Every entry must be given again exactly. Include no pictures.
-- Opening Marker --
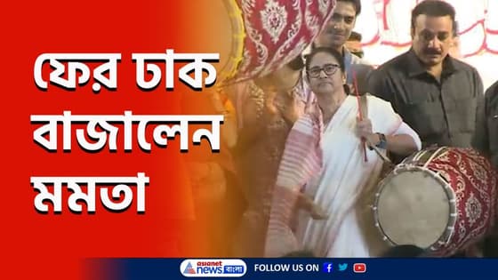 Durga Puja 2022 : অন্য মেজাজে মুখ্যমন্ত্রী, কখনও কাঁসর, কখনও ঢাক, কখনও আবার মাতলেন নাচে
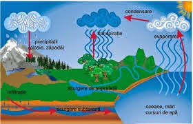Circuitul apei in natura acum daca te ai pregatit pentru distractie si voie buna uite si cateva idei pe care le am pus eu in practica. Căldura soarelui face ca apa de pe pământ oceane lacuri mări să se evaporeze adică să se transforme din lichid în gaz şi să se ridice spre cer. Apa circulă constant dintr un loc în altul prin evaporare condensare precipitaţii sau colectare. în cursul parcurgerii acestui circuit apa își schimbă starea de agregare fiind succesiv în stare solidă lichidă sau gazoasă.
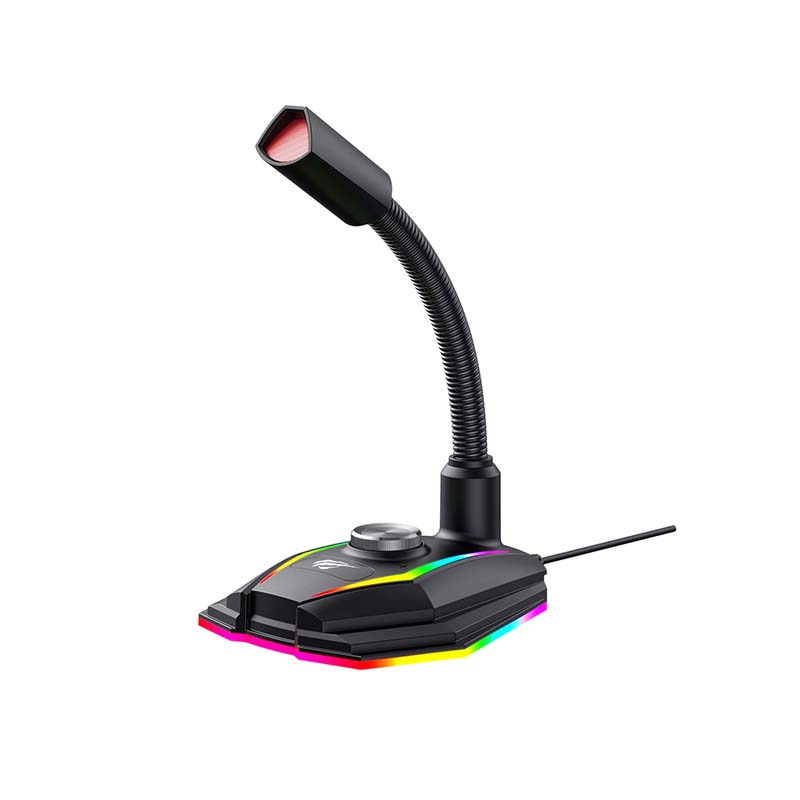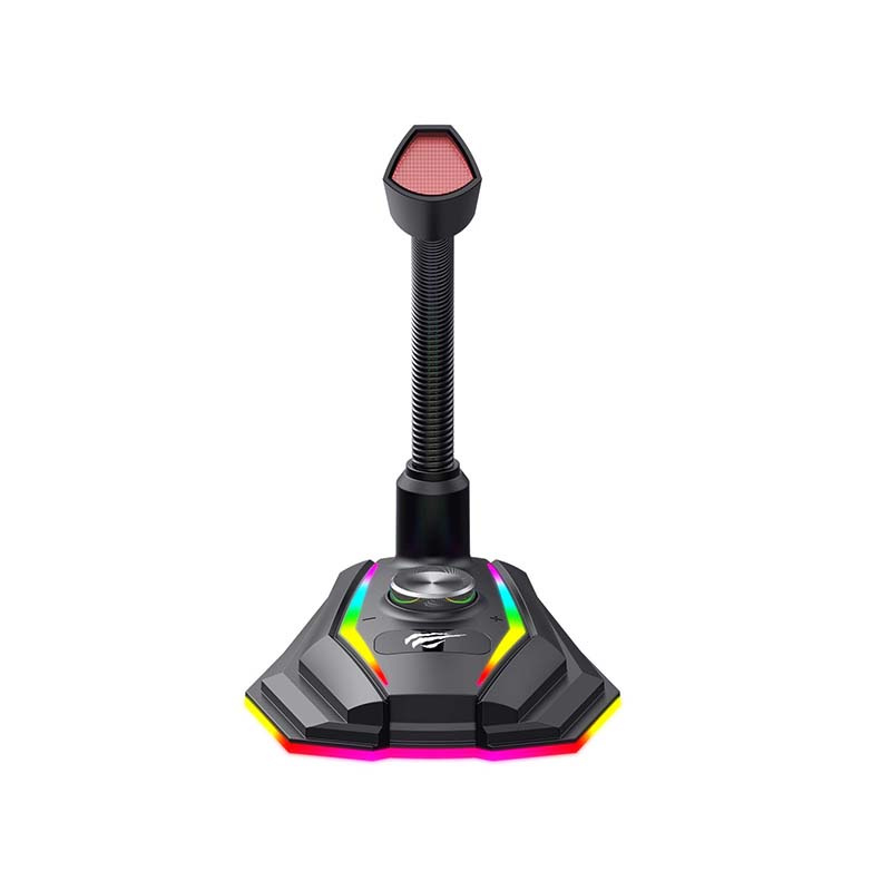 Mikrofon Havit został zaprojektowany specjalnie dla wymagających graczy. Zastosowanie najnowszych technologii pozwala spełnić wymogi na najwyższym poziomie. Wyposażony w solidną podstawę, zapewnia stabilność, a dzięki interfejsowi USB i plug&play z łatwością podłączysz go do kompatybilnego urządzenia. Jest wielokierunkowy, co oznacza, że lepiej zbiera dźwięki dookoła, umożliwiając swobodną komunikację z innymi graczami, a podświetlenie RGB nadaje mu gamingowego charakteru.
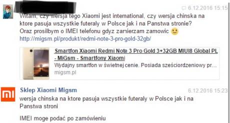 Planowałem zakupić w tym sklepie Redmi Note 3 Pro 3/32, jednak po skontaktowaniu się ze sklepem spotkałem się z trochę dziwnym podejściem do klienta. Na samym początku chciałbym powiedzieć, że nie skreślam firmy, może właśnię taką politykę stosują, ale postanowiłem, że przedstawię tę sytuację.
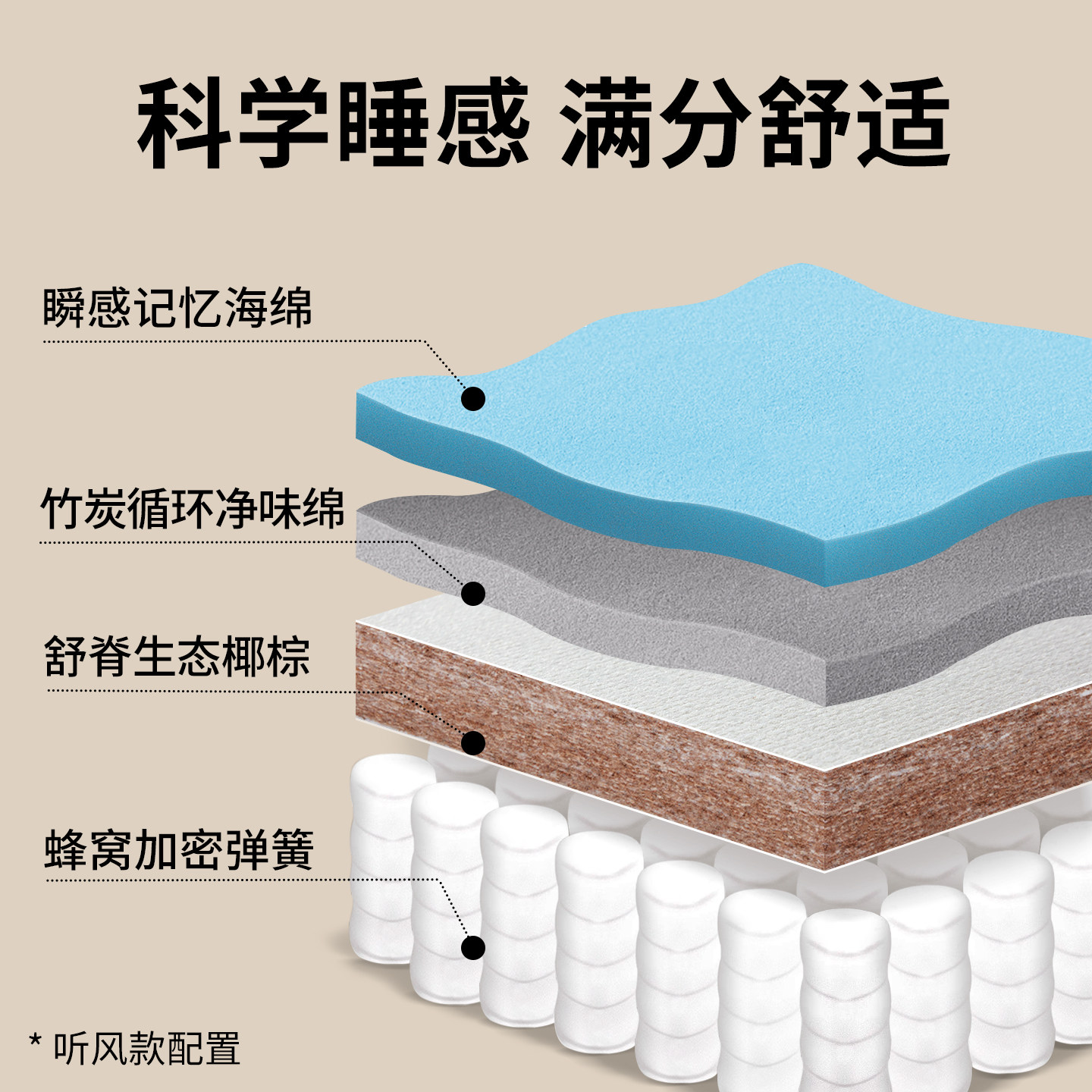 梦神椰棕硬睡感乳胶蜂窝弹簧床垫
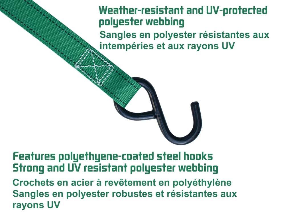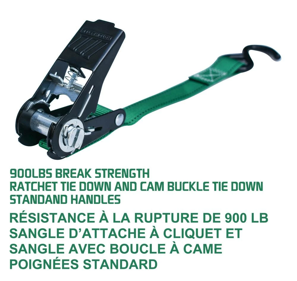 - Standard Non-Padded Ratchet/Cambuckle Tie Downs Combo have a 408 kg (900 lbs) break strength
-- Closing Marker --
▶ **Result**:
 Durga Puja 2022 : অন্য মেজাজে মুখ্যমন্ত্রী, কখনও কাঁসর, কখনও ঢাক, কখনও আবার মাতলেন নাচে
Circuitul apei in natura acum daca te ai pregatit pentru distractie si voie buna uite si cateva idei pe care le am pus eu in practica. Căldura soarelui face ca apa de pe pământ oceane lacuri mări să se evaporeze adică să se transforme din lichid în gaz şi să se ridice spre cer. Apa circulă constant dintr un loc în altul prin evaporare condensare precipitaţii sau colectare. în cursul parcurgerii acestui circuit apa își schimbă starea de agregare fiind succesiv în stare solidă lichidă sau gazoasă.
 Mikrofon Havit został zaprojektowany specjalnie dla wymagających graczy. Zastosowanie najnowszych technologii pozwala spełnić wymogi na najwyższym poziomie. Wyposażony w solidną podstawę, zapewnia stabilność, a dzięki interfejsowi USB i plug&play z łatwością podłączysz go do kompatybilnego urządzenia. Jest wielokierunkowy, co oznacza, że lepiej zbiera dźwięki dookoła, umożliwiając swobodną komunikację z innymi graczami, a podświetlenie RGB nadaje mu gamingowego charakteru.
 Planowałem zakupić w tym sklepie Redmi Note 3 Pro 3/32, jednak po skontaktowaniu się ze sklepem spotkałem się z trochę dziwnym podejściem do klienta. Na samym początku chciałbym powiedzieć, że nie skreślam firmy, może właśnię taką politykę stosują, ale postanowiłem, że przedstawię tę sytuację.
 梦神椰棕硬睡感乳胶蜂窝弹簧床垫
 - Standard Non-Padded Ratchet/Cambuckle Tie Downs Combo have a 408 kg (900 lbs) break strength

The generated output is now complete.